Provided material: Begin

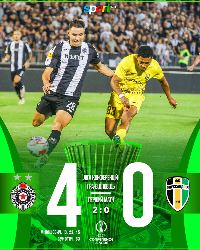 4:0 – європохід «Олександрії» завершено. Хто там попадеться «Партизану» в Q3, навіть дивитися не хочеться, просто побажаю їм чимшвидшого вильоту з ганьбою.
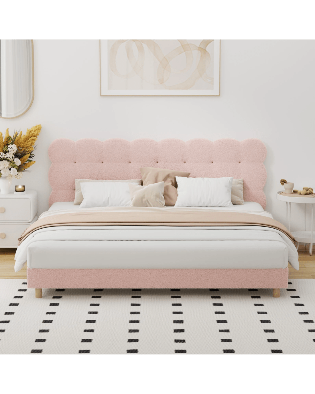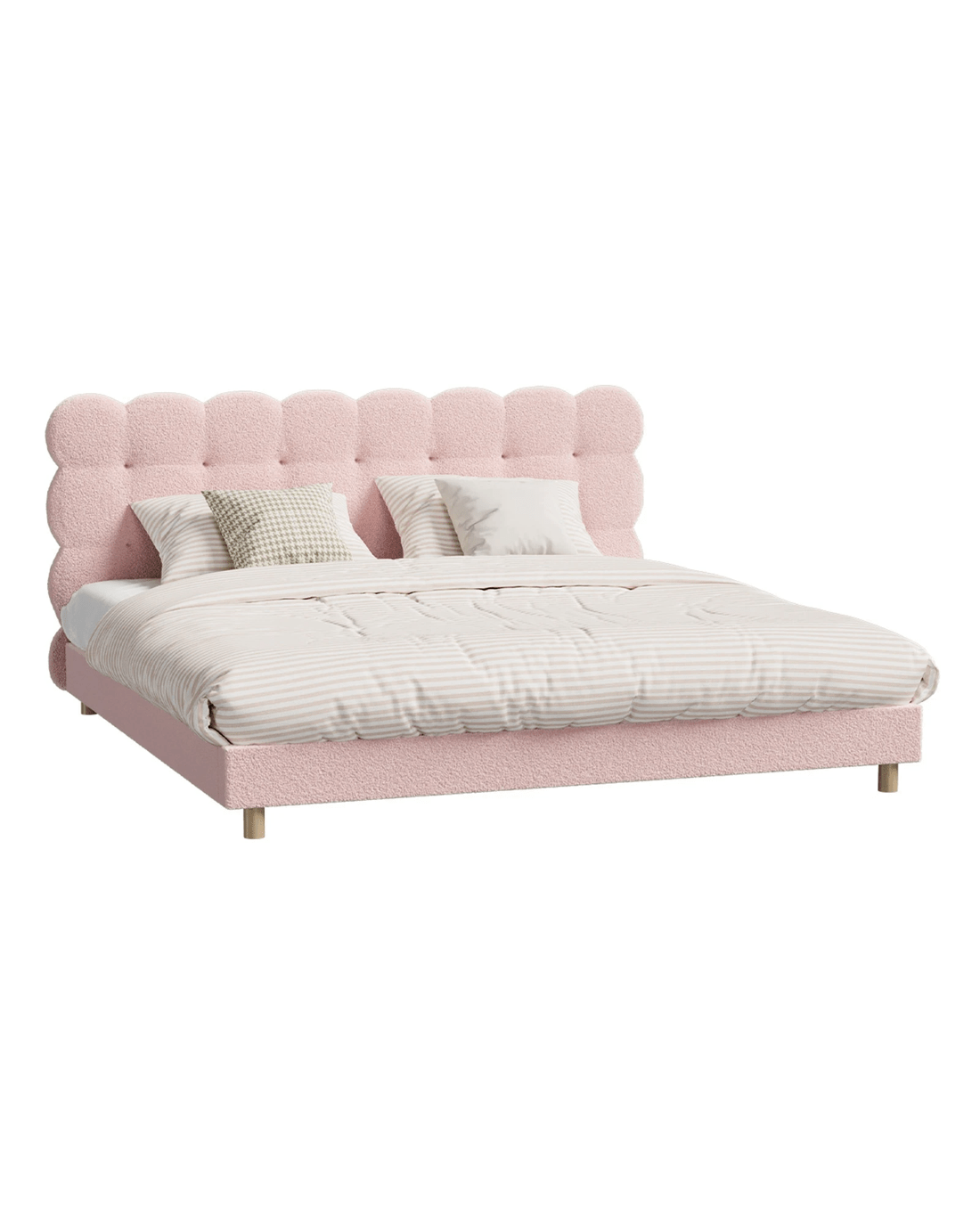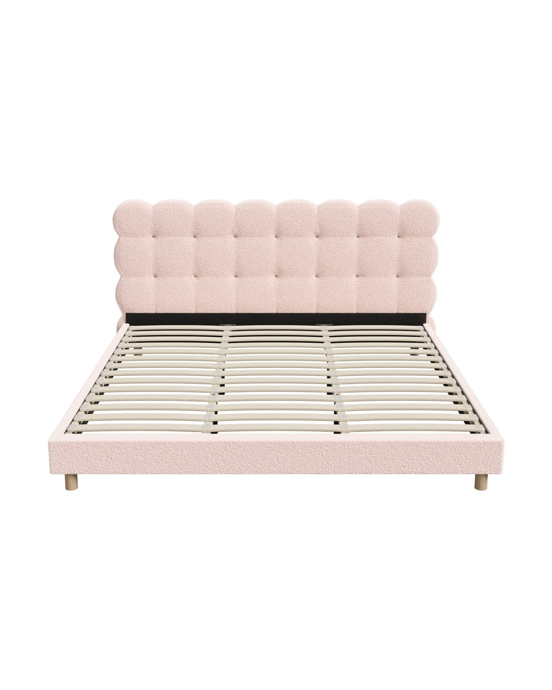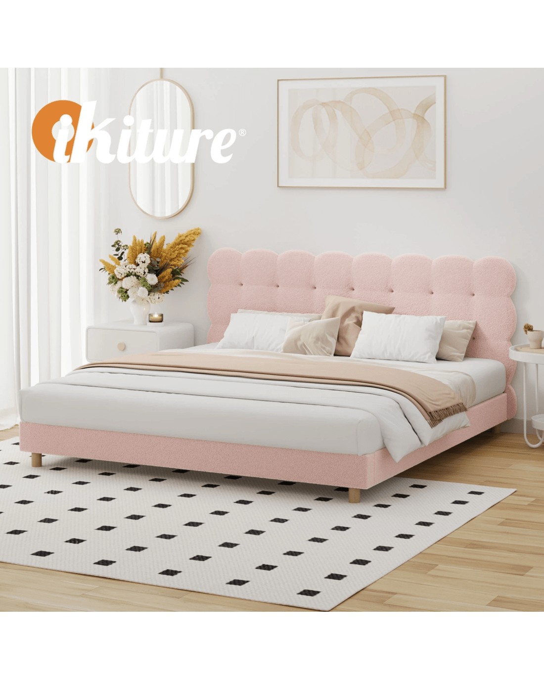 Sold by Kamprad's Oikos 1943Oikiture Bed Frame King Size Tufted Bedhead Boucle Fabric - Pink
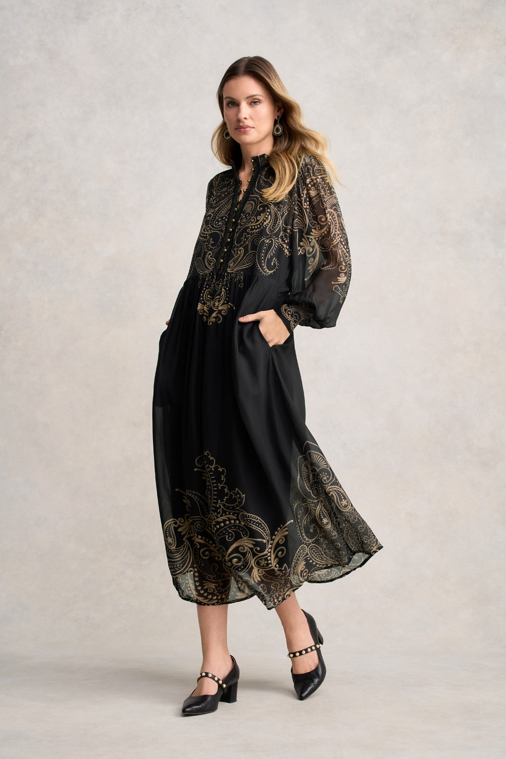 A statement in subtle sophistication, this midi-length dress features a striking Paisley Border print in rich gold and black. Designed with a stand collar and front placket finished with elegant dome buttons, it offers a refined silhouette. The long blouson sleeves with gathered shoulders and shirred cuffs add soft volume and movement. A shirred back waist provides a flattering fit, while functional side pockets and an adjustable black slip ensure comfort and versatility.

Provided material: End
Provided material: Begin

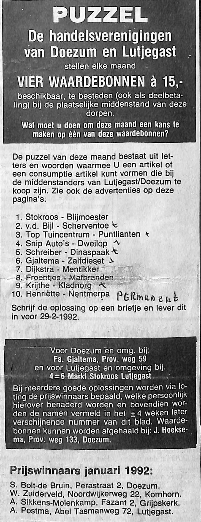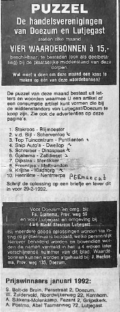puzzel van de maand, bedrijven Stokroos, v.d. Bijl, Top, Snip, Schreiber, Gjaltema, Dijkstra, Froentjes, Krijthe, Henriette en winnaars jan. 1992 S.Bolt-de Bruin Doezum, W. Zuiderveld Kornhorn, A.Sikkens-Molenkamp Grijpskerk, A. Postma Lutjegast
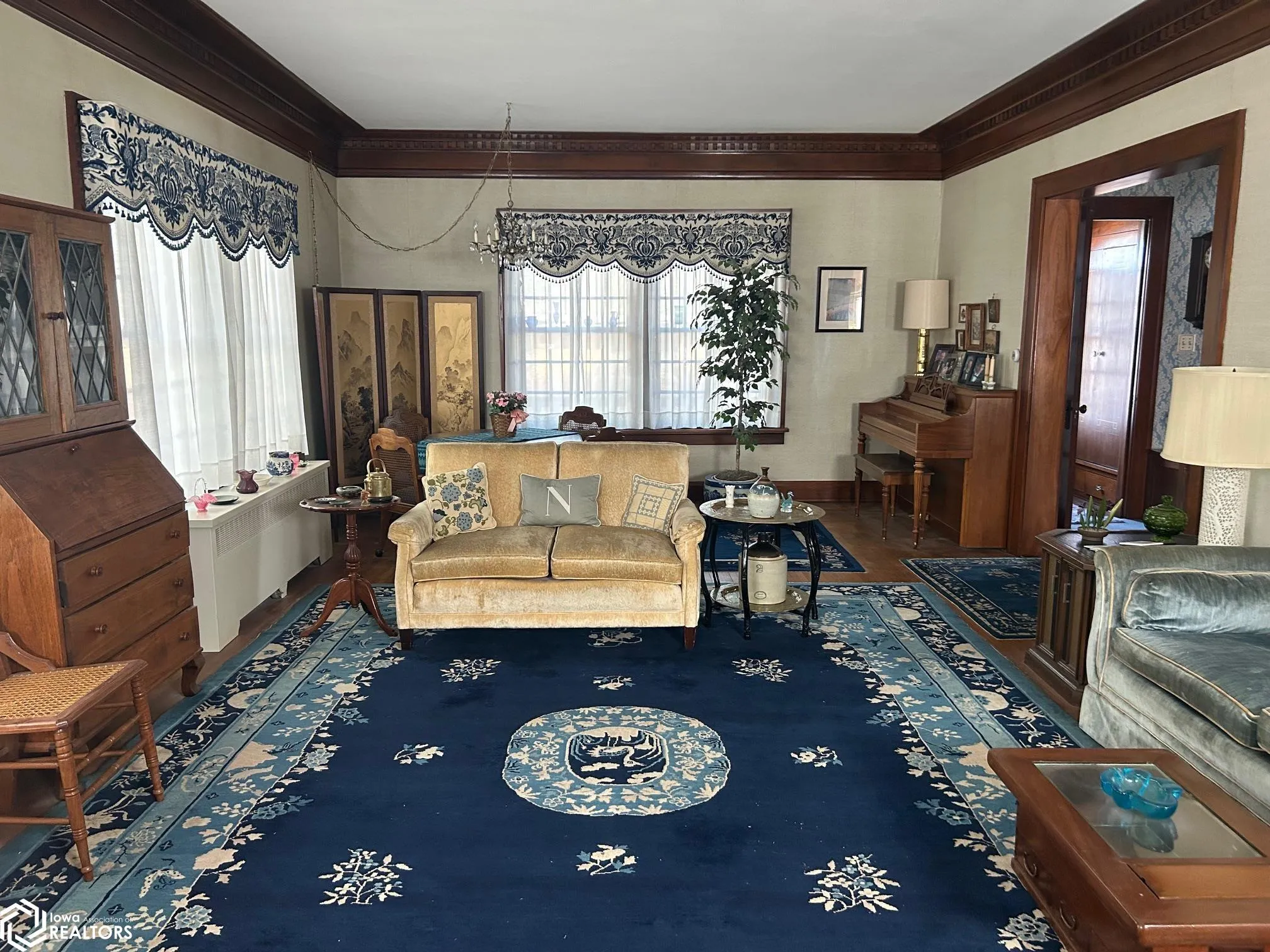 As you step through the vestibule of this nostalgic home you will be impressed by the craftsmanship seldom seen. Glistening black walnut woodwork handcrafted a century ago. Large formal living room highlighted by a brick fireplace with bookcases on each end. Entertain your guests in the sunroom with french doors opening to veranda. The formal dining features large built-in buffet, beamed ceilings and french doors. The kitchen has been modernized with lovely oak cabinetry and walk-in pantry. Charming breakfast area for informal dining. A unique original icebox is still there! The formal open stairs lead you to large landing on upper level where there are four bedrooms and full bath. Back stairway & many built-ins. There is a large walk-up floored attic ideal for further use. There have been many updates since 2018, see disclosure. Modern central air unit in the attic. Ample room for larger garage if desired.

Provided material: End
Provided material: Begin

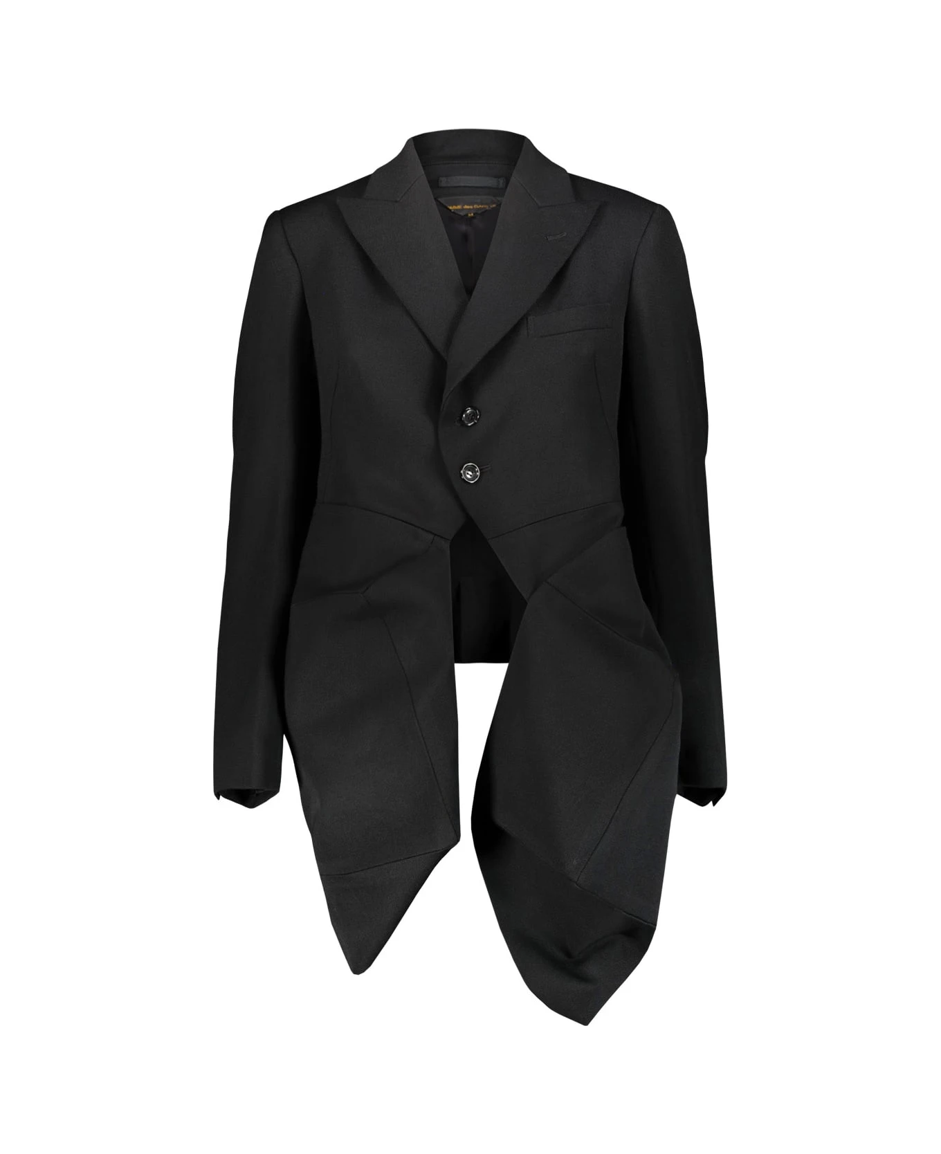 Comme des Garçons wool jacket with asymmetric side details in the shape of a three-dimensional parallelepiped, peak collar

Provided material: End

**Task requirements:** Range to copy from the listing above: the line with "4:0 – європохід" through the line with "Sold by Kamprad's". Transcribe it exactly and skip the pictures.

**Answer box:**
 4:0 – європохід «Олександрії» завершено. Хто там попадеться «Партизану» в Q3, навіть дивитися не хочеться, просто побажаю їм чимшвидшого вильоту з ганьбою.
 Sold by Kamprad's Oikos 1943Oikiture Bed Frame King Size Tufted Bedhead Boucle Fabric - Pink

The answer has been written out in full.